En ces temps tissés sur le fil de nos inquiétudes, ce récital donné hier soir à la salle Gaveau par Andreas Scholl tombe à point nommé comme une parenthèse de répit salvateur. Le contre-ténor allemand est un artiste rare dans tous les sens du terme. Loin du tape à l’œil médiatique, il se meut d’une rive lyrique à l’autre avec la grande discrétion de ceux qui n’ont rien à prouver, explorant les chemins de leur art, sans se soucier du plaire, avec cette constance qui les maintient dans l’excellence en dépit des années qui passent. Rare aussi est cette voix d’une élégance subtile, savant équilibre entre naturelle aisance et maîtrise technique. Elle nous fait souvent l’offrande d’une parenthèse en apesanteur traduisant toute la pudeur et l’intensité de l’émotion contenue du contreténor dans une gamme de teintes raffinées.
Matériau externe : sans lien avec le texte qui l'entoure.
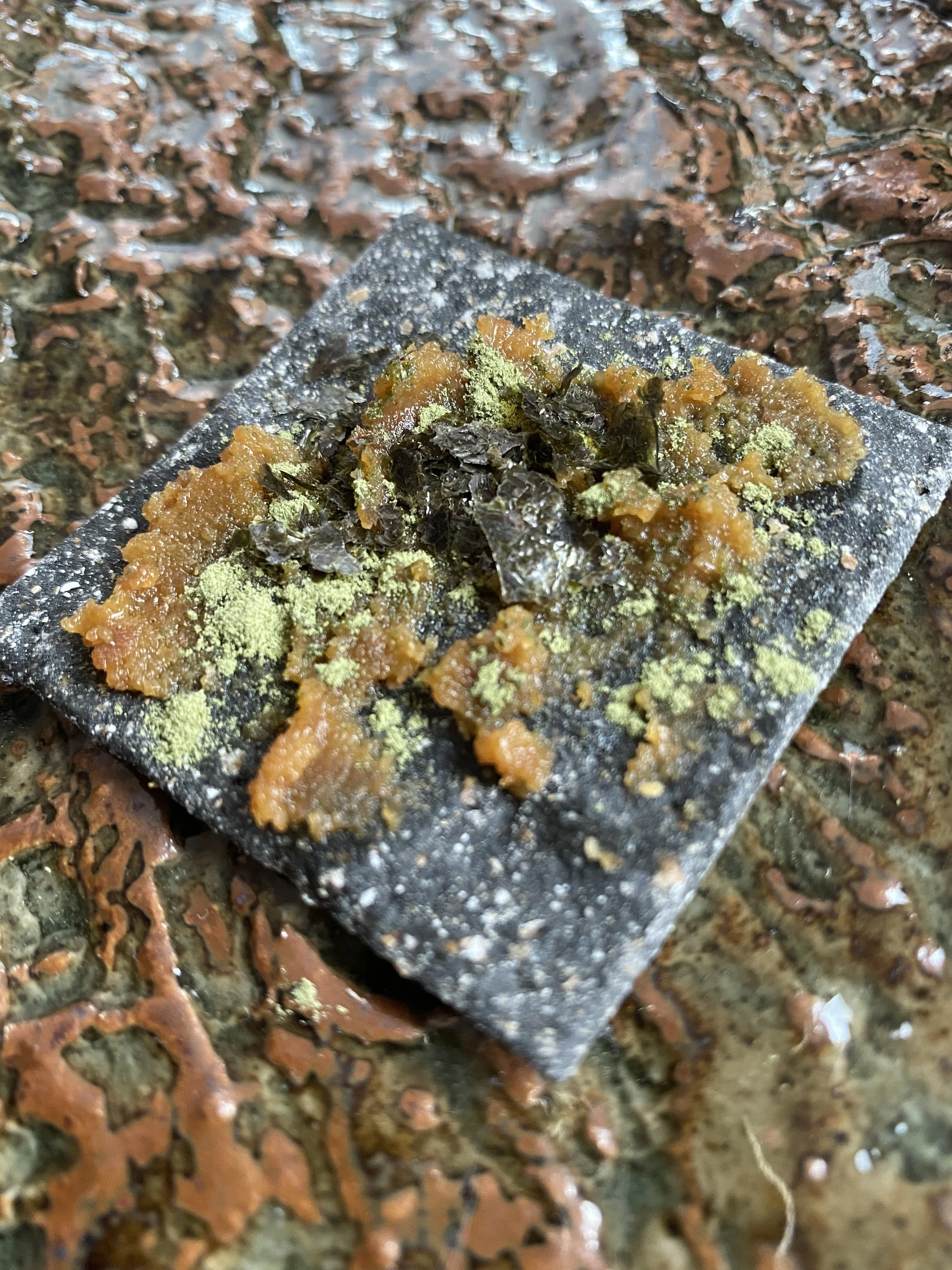 An unattended drip created a wall of moss and plant growth on Spencer Street. This is how I reimagined it in food - Charcoal Cracker, Miso/Tahini, Nori, Matcha.

On aurait pu s’attendre à ce que ce récital fasse écho au dernier album de l’artiste, Twilight People qui, dans une langueur éthérée, aborde aussi bien les rives anglo-saxonnes que celles de l’Egypte à travers les répertoires de Berg, Copland, Vaughn Williams, et des inattendus Ari Frankel et Joseph Tawadros. Mais il n’en a rien été, l’artiste ayant choisir de revenir à des rivages moins contemporains consacrés au répertoire anglais du XVI et XVII. Au côté du luthiste Edin Karamazov, il nous convie à la découverte des folk songs traditionnelles de John Dowland, Thomas Campion et Robert Johnson auxquelles a été ajoutée une pincée d’Haendel avec la cantate Nel dolce tempo. En lieu et place de Twilight People donc, c’est l’univers musical d’un album plus ancien, Wayfering stranger, gravé en 2001 pour DECCA, que l’artiste nous convie de revisiter en partie.
Malgré une interruption due au malaise d’un spectateur, Andreas Scholl, imperturbable en dépit d’une pointe d’inquiétude pour le malheureux, nous a livré un voyage musical d’une rare maîtrise, d’une voix, claire, douce, lumineuse extatique, et dans une diction impeccable. On est ici loin de certaines démonstrations de pyrotechnie vocale dont sont généralement friands les contre-ténors. Certains diront que tout ceci manque de chaleur mais quoi de plus émouvant, justement, que la poignante pudeur adoptée, dans ces pièces musicales, par un artiste habité donnant une belle leçon d’humilité qui remet la virtuosité à sa juste place. La cantate Nel doce tempo d’Haendel, revisitée par le contre-ténor allemand, en est d’ailleurs une parfaite illustration. L’interprétation est ici profondément investie plus proche du cœur que de l’hédonisme vocal. Certes, l’instrument n’a plus tout à fait le même éclat que par le passé mais l’artiste compense adroitement les écueils du temps par une intelligence du texte, un sens du phrasé, et une musicalité exemplaire, délivrant un texte pleinement investi et surtout articulé, l’art du dire n’étant chez Andreas Scholl pas la moindre des vertus. Les phrasés sont des modèles de nuances, mettant en lumière les intentions du texte chanté, et témoignant ainsi d’une belle compréhension de la prosodie de la langue anglaise. L’art d’Andreas Scholl est de ne jamais perdre de vue le sens poétique sans lequel ce type de répertoire se réduirait à un pur exercice de style dans une mise en scène de soi.
Que ce soit dans le registre classique comme la cantate Nel dolce tempo de Haendel, qu’il a déjà gravée au disque avec l’Accademia Bizantina ou les folksongs, l’esthétique vocal du chanteur trouve sa parfaite plénitude dans la beauté de l’expression. Plus encore que par l’élégance des vocalises de la cantate Haendélienne, on est totalement envoûté par ces sons filés, cette pureté de la ligne de chant, cette grâce tant dans la déploration que dans la force méditative d’un I was a poor Wayfering stranger, ou dans l’évocation de la femme aimée de Can she excuse my wrongs ou de I saw my lady weep de John Dowland.
Quant au luth d’Edin Karamazov, mystérieux et insaisissable, il épouse le chant dans une parfaite complicité avec le contre-ténor et un respect d’une probité stylistique plutôt étonnante quand on se souvient de son interprétation débridée au côté de Sting dans l’album, The songs from the Labyrinth dédié au répertoire de Dowland, n’hésitant pas à bousculer son instrument pour en tirer les sonorités les plus singulières. Edin Karamazov se taille, par ailleurs, un beau succès personnel avec diverses improvisations dont une variation sur le prélude de Bach.
Une belle soirée, en compagnie d’une voix qui n’a rien perdu de sa force de séduction dans l’écrin de l’élégance et de la subtilité.